The U.S. central bank, the Federal Reserve, has a dual mandate: to work to achieve low unemployment and to maintain stable prices throughout the economy. During a recession, unemployment rises, and prices sometimes fall in a process known as deflation. The Fed, in the case of steep economic downturns, may take dramatic steps to suppress unemployment and bolster prices both to fulfill its traditional mandate and also to provide emergency support to the U.S. financial system and economy.

The primary job of the Federal Reserve is to control inflation while avoiding a recession. It does this with monetary policy. To control inflation, the Fed must use contractionary monetary policy to slow economic growth. The ideal economic growth rate is between 2%-3%. If it’s higher than that, demand will drive up prices for too few goods.

The Fed can slow this growth by tightening the money supply. That’s the total amount of credit allowed into the market. The Fed’s actions reduce the liquidity in the financial system, making it becomes more expensive to get loans. It slows economic growth and demand, which puts downward pressure on prices.

Tools the Federal Reserve Uses to Control Inflation

The Fed has several tools it traditionally uses to implement contractionary monetary policy. It only does this if it suspects inflation is getting out of hand. It usually uses open market operations, the fed funds rate, and the discount rate in tandem. It rarely changes the reserve requirement.

The Fed’s first line of defense is open market operations. The Fed can lower interest rates by buying debt securities on the open market in return for newly created bank credit. Flush with new reserves, the banks that the Fed buys from are able to loan money to each other at a lower fed funds rate, which is the rate that banks lend to each other overnight. The Fed hopes that a drop in interest rates spreads throughout the financial system, reducing rates charged to businesses and individuals.

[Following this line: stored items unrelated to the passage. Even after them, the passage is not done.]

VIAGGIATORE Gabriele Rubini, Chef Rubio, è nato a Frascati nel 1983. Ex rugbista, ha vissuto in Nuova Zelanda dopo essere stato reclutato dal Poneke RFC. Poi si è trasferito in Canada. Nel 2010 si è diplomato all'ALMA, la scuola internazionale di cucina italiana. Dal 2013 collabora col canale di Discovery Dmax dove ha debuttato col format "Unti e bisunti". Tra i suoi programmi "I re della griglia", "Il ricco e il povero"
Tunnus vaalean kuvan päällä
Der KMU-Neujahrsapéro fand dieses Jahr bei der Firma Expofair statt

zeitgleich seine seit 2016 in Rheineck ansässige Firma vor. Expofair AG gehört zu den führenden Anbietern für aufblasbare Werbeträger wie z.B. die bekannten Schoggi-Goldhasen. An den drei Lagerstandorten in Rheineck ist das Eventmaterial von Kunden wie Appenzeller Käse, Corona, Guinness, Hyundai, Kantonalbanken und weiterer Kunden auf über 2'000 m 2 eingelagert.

When this works, the lower rates make it cheaper for companies to borrow, allowing them to continue going into more debt rather than defaulting or being forced to lay off staff. This helps keep employees in their current jobs and suppress the rise in unemployment when a recession hits. Lower interest rates also enable consumers to make more purchases on credit, keeping consumer prices high and likewise extend themselves further into debt rather than live within their means.

The Federal Reserve may choose to simply continue open market operations, buying bonds and other assets to flood the banking system with new credit. This is known as quantitative easing (QE), the direct purchase of assets by the Federal Reserve to inject more money into the economy and expand the money supply. 

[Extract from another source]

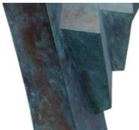
— Pillhofer: Sitzender, 1964, Tusche, 42 x 49 cm | Erzengel, 1968, Bronze, 40 x 30 x 29 cm

Eröffnung: Mi., 4. Dezember 2019, um 19.00 Uhr

The Fed has used quantitative easing on several occasions since 2008, including in March of 2020, when the central bank launched an initial $700 billion QE plan aimed at propping up the debts of the financial system on top of most of the nearly $4 trillion in quantitative easing it created during the Great Recession which it has yet to unwind. It is not clear where the upper limit is on the Fed’s ability to continue flooding trillions of new dollars into the system to protect the banks.  

The fed funds rate is the most well-known of the Fed’s tools. It’s also part of its open market operations. It’s the interest rate banks charge for overnight loans they make to each other. It has the same effect as changing the Reserve requirement, and is much easier for the Fed to modify.

The Fed also changes the discount rate. That’s the interest rate the Fed charges to allow banks to borrow funds from the Fed’s discount window. Historically, this type of lending was carried out as an emergency bailout loan of last resort for banks out of other options, and came with a hefty interest rate to protect the interests of taxpayers given the risky nature of the loans.

However, in recent decades the practice of discount lending by the Fed has shifted toward making these risky loans at much lower interest rates in order to favor the interests of the financial sector as much as possible. It has also rolled out a host of new lending facilities similar to discount lending, targeted at supporting specific sectors of the economy or the prices of specific asset classes.

As of March 2020, the Fed dropped its discount rate to a record low 0.25% to give extraordinarily favorable terms to the riskiest of borrowers. It may not be possible to lower this rate any further as the economy slips deeper into economic malaise. 

The reserve requirement was the amount banks were required to keep in reserve at the end of each day. Increasing this reserve kept money out of circulation. Changing the fed funds rate has the same impact as adjusting the reserve requirement. The Fed eliminated the reserve requirement, effective March 26, 2020.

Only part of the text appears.